Intel® Fortran Compiler
Build applications that can scale for the future with optimized code designed for Intel® Xeon® and compatible processors.
28848 Discussions

Outout is affected for some weird silly reaons

bhanu1
Beginner
1,703 Views

Hi everyone, I am new to this community. I am using ifort compiler for my abaqus subroutine. I was using it effortlessly until the last 2 weeks I have been struggling a lot! It is just that my output is affected because of some silly reasons as follows

 

1. When I print any variables the problem gets fixed

2. When I use any variables that are passed in through my subroutine from abaqus to declare the dimension size, I only gets the correct result without printing anything, which is super silly. Here is an example. Here is a simple 2 elements and I am computing its stiffness matrix and so displacement, I will spare the loading etc but the point is u can clearly see each element has 4 nodes

bhanu1_1-1707424240253.png

So when I declare b matrix as 4 by 8 abaqus just gives an error. But when I use nnode and abaqus passes it I get correct result!! but nnode -4 absolutely!

 

bhanu1_0-1707424161148.png

Then I use a do loop for forming ba matrix! I don't understand why it is wrong! It is taking 10 days to fix this small problem so that I can apply in larger scale! I am using all the checks as can be seen 

bhanu1_2-1707424475930.png

I understand the printing problem has been discussed and the recommendation was to initialize variables as well as to check arrays are not used than they are bound to! In my case it looks like the access to the b matrix array is happening in a very mysterious way no matter logically the array is literally the same! I am attaching the code for your kind perusal. I hope this discussion will help many people to not to loose their time. Kindly please give any insights what you think of it!

 

 

0 Kudos
1 Solution
jimdempseyatthecove
Honored Contributor III
1,617 Views

The array UserVar in module kvisual is written to in subroutine UEL. Are the multiple threads writing to different sections of UserVar, .OR. expecting/requiring exclusive use of array UserVar?

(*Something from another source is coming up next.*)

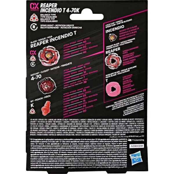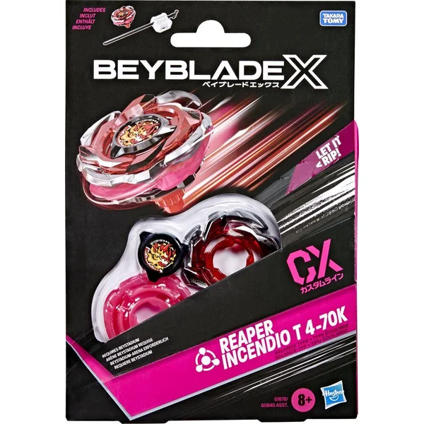 On peut vivre toute l’action de Beyblade X, la prochaine génération d’arènes, de lanceurs et de toupies Beyblade. Le Starter Pack Beyblade X Reaper Incendio T 4-70K CX inclut un lanceur et une toupie à rotation droite de type équilibre avec un disque de type équilibre (arène Beystadium et lanceur requis, vendus séparément). On peut se lancer directement dans la compétition ou reconfigurer la toupie en interchangeant ses pièces avec celles d’autres toupies Beyblade X (vendues séparément) pour créer sa propre toupie imbattable. Les toupies CX sont conçues avec un disque qui se sépare en 3 pièces pour plus d’options de personnalisation. Beyblade X utilise le système d’Accélération X. Quand les dents du pignon d’une toupie Beyblade X rencontrent celles du rail d’Accélération X de l’arène Beystadium, elle reçoit une super-accélération qui la propulse à toute vitesse dans l’arène pour des impacts écrasants et des explosions spectaculaires. On lance ses toupies dans des compétitions intenses contre ses adversaires pour marquer des points à chaque affrontement. Les toupies Hasbro Beyblade avec pièces en métal moulé Takara Tomy authentiques sont de super cadeaux pour enfants, à partir de 8 ans. HASBRO et tous les logos et marques associés sont des marques de commerce de Hasbro, Inc.

If requiring exclusive use of UserVar, then compile with /Qopenmp .AND. in the module kvisual add

C$omp threadprivate(UserVar)

 

Note, inserting a PRINT/WRITE includes a critical section (internal to the statement). This will cause a slight delay for other threads than the one that currently holds the critical section. This delay for other threads may permit the holding thread upon exit of the critical section within the print/write to have sufficient time to execute the code following the print/write without adverse interference from the other threads. 

 

*** IF this be the case, then the fact that you observe expected results with two threads when testing does not mean that two threads are executing without the potential for conflict.

 

Additional note.

This is purely speculative.

While you are compiling with /recursive and /Qauto which should force local arrays on stack, try adding /Qopenmp.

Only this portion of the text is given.